DAVID SKOLNICK \ Politics Tiring campaign season nets a few surprises



It's been a truly exhausting campaign year, and not only for the candidates.
Ohio residents spent the past several months getting bombarded by TV and radio commercials to the point of over-saturation.
Thankfully there won't be a long drawn-out recount in Ohio, as there was in Florida in 2000. But Ohio's 88 county boards of elections have plenty of provisional ballots to count. While those votes won't change the outcome of the presidential election, it could affect lower-ticket races and issues.
The elections boards in Mahoning and Mercer counties certainly had a series of problems with the electronic voting systems.

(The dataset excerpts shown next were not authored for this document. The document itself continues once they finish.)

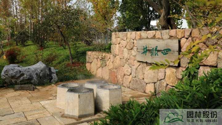 “問茶亭”正前方的幾株茶樹是茶園的點睛之筆,設計靈感取自“西湖龍井十八棵御茶”。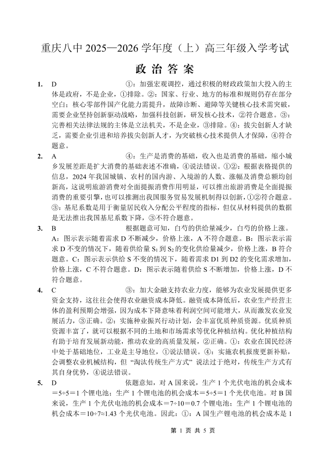 重庆八中2025-2026学年度(上)高三年级入学考试 政治答案.pdf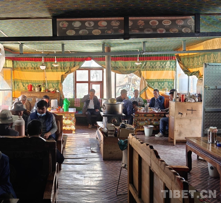 43歲的拉姆和家人共同經(jīng)營著一家藏式茶館,主要供應(yīng)甜茶、肉餅、藏面、炸土豆、砂鍋餃子等深受當?shù)厝罕娤矏鄣拿朗场@愤€在茶館對面開設(shè)了一間便民小賣部,貨架上整齊擺放著各類生活必需品,成為村民們?nèi)粘2少I的溫馨驛站。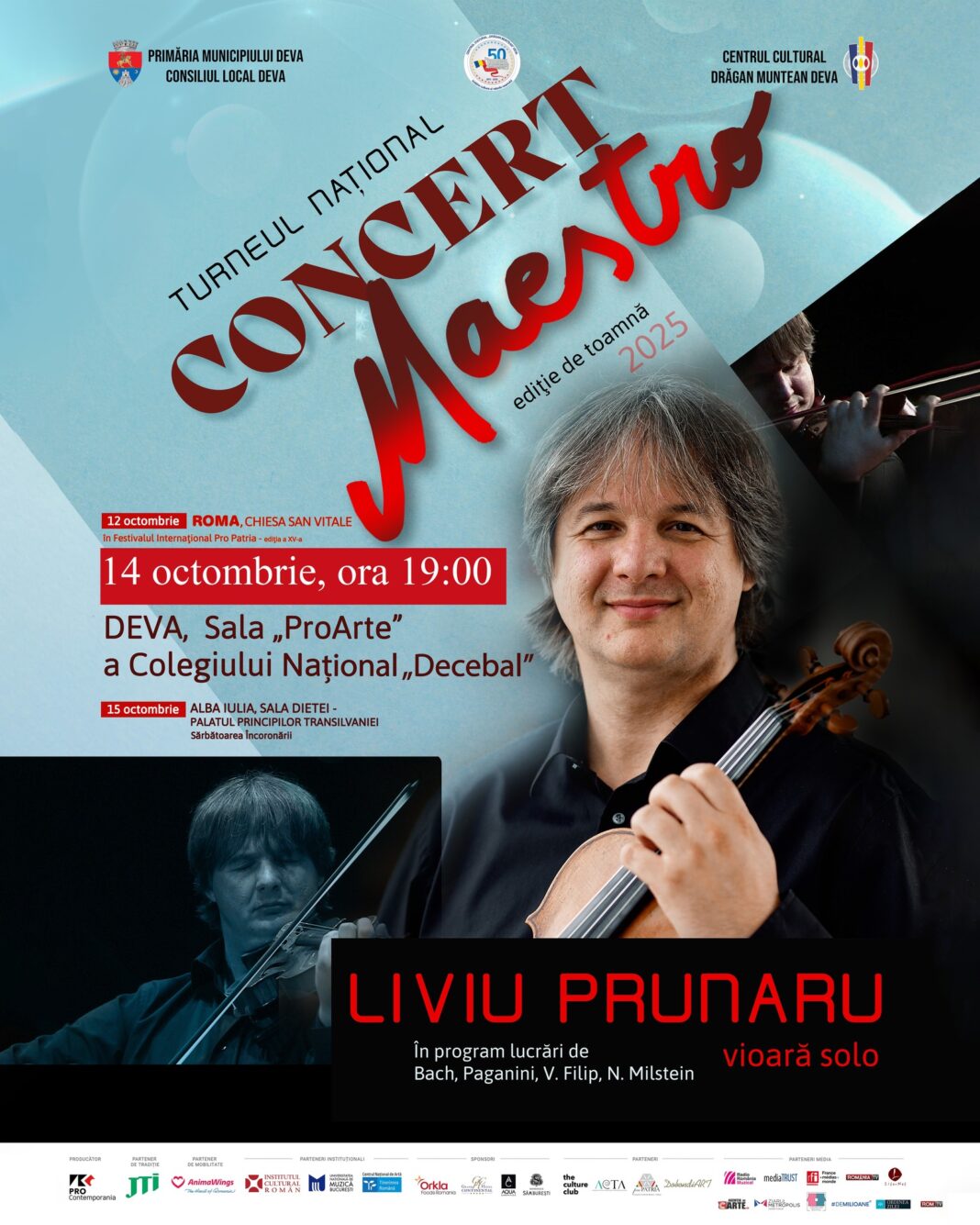 Primăria Municipiului Deva și Centrul Cultural „Drăgan Muntean” organizează marți, 14 octombrie 2025, de la ora 19:00, la Sala Pro Arte a Colegiului Național „Decebal” din Deva, un recital extraordinar susținut de maestrul Liviu Prunaru, în cadrul ediției de toamnă a Turneului Național „Concertmaestro”.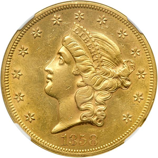 1858. NGC AU Details, improperly cleaned. Our grade AU-58, a very nice looking coin of the early P-mint No Motto style used from 1850 to 1866.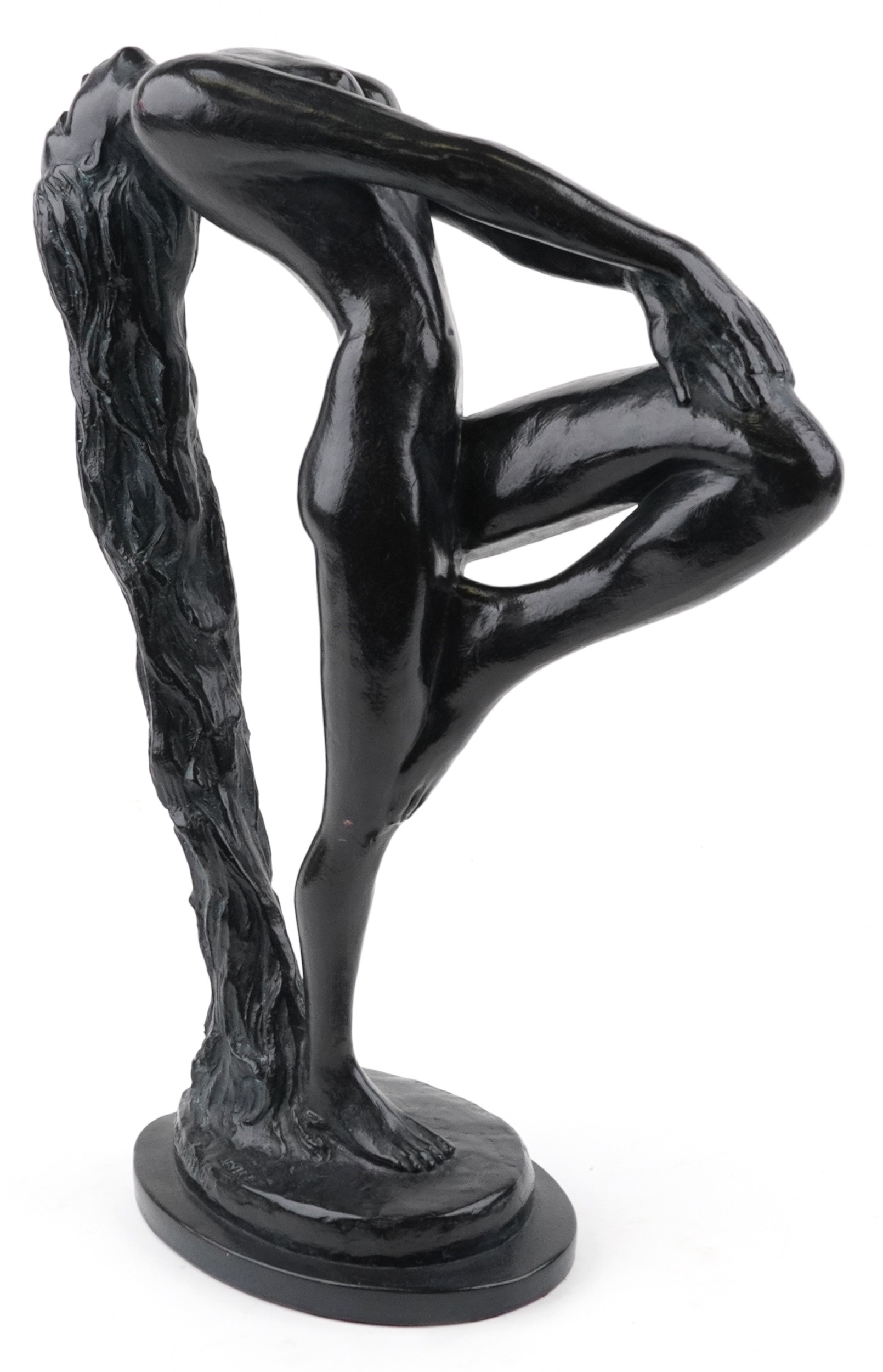 An Austin Productions Art Deco style sculpture of a nude female dancer, signed and dated 1979, 56cm high.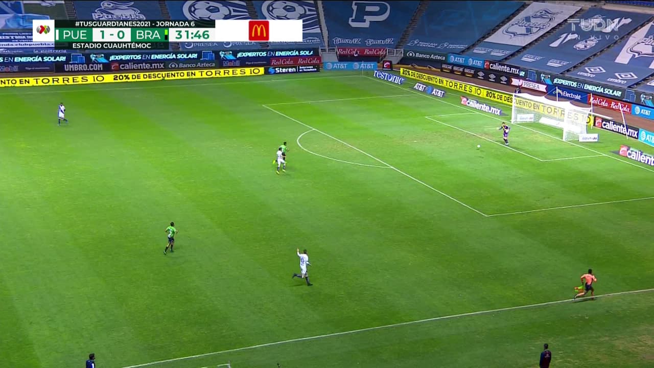 Tiro atajado. Omar Fernández (Puebla) Disparo con la derecha desde fuera del área.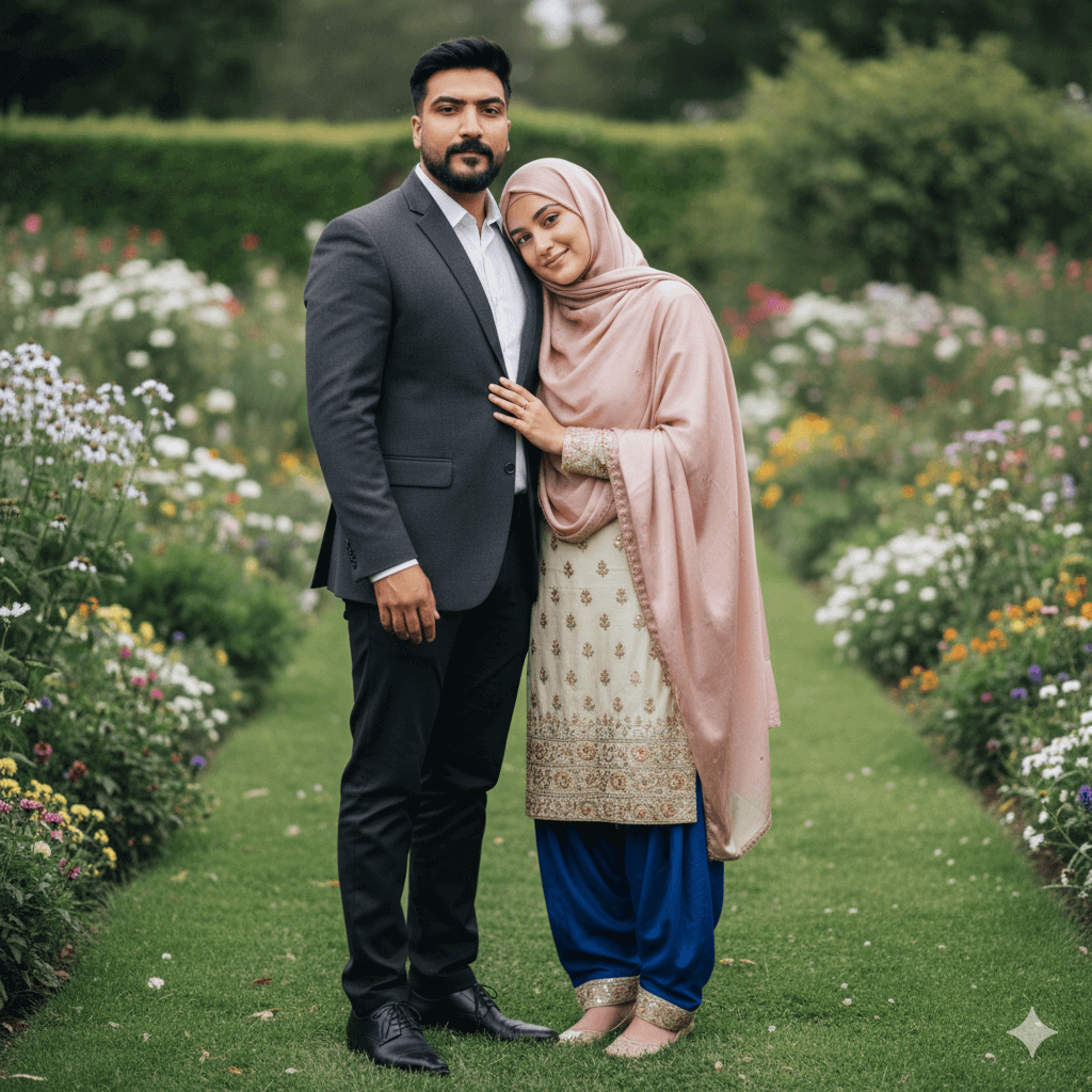 A stunning full-body portrait of a young couple (maintain reference face accuracy for both). Girl: Wearing an elegant, flowy Punjabi-style Patiala Shalwar Kameez with intricate embroidery and a soft silk dupatta draped modestly over her head. Boy: Wearing a modern fitted suit with a dark blazer and white shirt. Pose: They are standing closely in a serene outdoor garden, the girl is subtly leaning her head on the boy’s shoulder. Lighting: Soft, diffused daylight, rich fabric texture, 8K RAW Photorealistic, –ar 9:16.

Elections officials in both counties should breathe a sigh of relief that high-priced, big-city attorneys won't be called in for recounts in the presidential election.
Officials at both elections boards insist that every vote cast by residents in their counties were properly counted. I have no reason to dispute that. But teams of Bush-Cheney or Kerry-Edwards campaign attorneys certainly would have had reasons to question that claim.
Most of the problems with the Mahoning machines were caused by human error. But some of the machines malfunctioned or had minor problems that could have caused voter confusion.
In Mercer County, a computer software glitch caused dozens of touch-screen voting machines to be rendered ineffective. Some Mercer voters were given paper ballots.
Both counties' problems occurred despite additional training for poll workers and extensive checks of electronic voting machines.
No voting system is perfect. But if election officials in Mahoning and Mercer thought electronic voting machines were the answer to their problems, they were mistaken.
Both boards made decisions a few years ago to get away from their old systems -- paper ballots counted by optical scanners in Mahoning, and lever machines in Mercer. The reason was high-tech electronic voting machines would make elections easier and more accurate. I can't speak to being more accurate, but the new systems in the two counties sure haven't been easier.
There were a few surprises Tuesday on the local front.
As I wrote in an Aug. 20 column, Mahoning County officials made a huge mistake in seeking a 0.5 percent continuous sales tax instead of seeking the renewal of the sales tax for another five years. It was a gamble, particularly after voters rejected a renewal of the tax in March.
The reasoning was completely unsound, and the county faces fiscal disaster, and massive layoffs. But county officials have no one to blame but themselves for the tactical blunder.
Most incumbents won re-election, but there were two surprises.
The first surprise was the victory of Republican Randy Law over two-term state Rep. Dan Sferra, a Democrat, in the Ohio 64th House District.
I made several cracks about Law, particularly in a pair of March columns. In one, I wrote Law "has been a candidate so many times I've lost count, and he's never won." This was Law's fourth attempt to be elected, and he had failed in each attempt, including losing to Sferra two years ago. Trumbull GOP Chairman Craig Bonar had said Law was a legitimate candidate months ago, something I dismissed out of hand. Bonar was right, and I was wrong.
The House Republican Caucus pumped $100,000 into Law's campaign during its final days. Sferra, who has lived off his name recognition for years, did little in this Ohio House campaign, as he did during his other two House races. Sferra was the only incumbent Democrat in the Ohio House to lose Tuesday.
While fellow state legislators from Trumbull County bemoaned Sferra's loss, they should embrace Law because a Republican in a Republican-controlled state Legislature may actually be able to bring a few extra bucks to the area.
The second surprise was the respectable showing of Democrat Frank Rayl Jr. in the 1st Ohio House District race against state Rep. Charles Blasdel. Blasdel won by less than 500 votes in a district that takes in all of Columbiana County.
Blasdel is considered a rising star in the Ohio Republican Party and is expected to be the party's nominee in 2006 for the 6th Congressional District if U.S. Rep. Ted Strickland, the Democratic incumbent, vacates it to run for governor. Yet Blasdel, who acknowledged he should have run a more aggressive campaign, barely beat a political newcomer.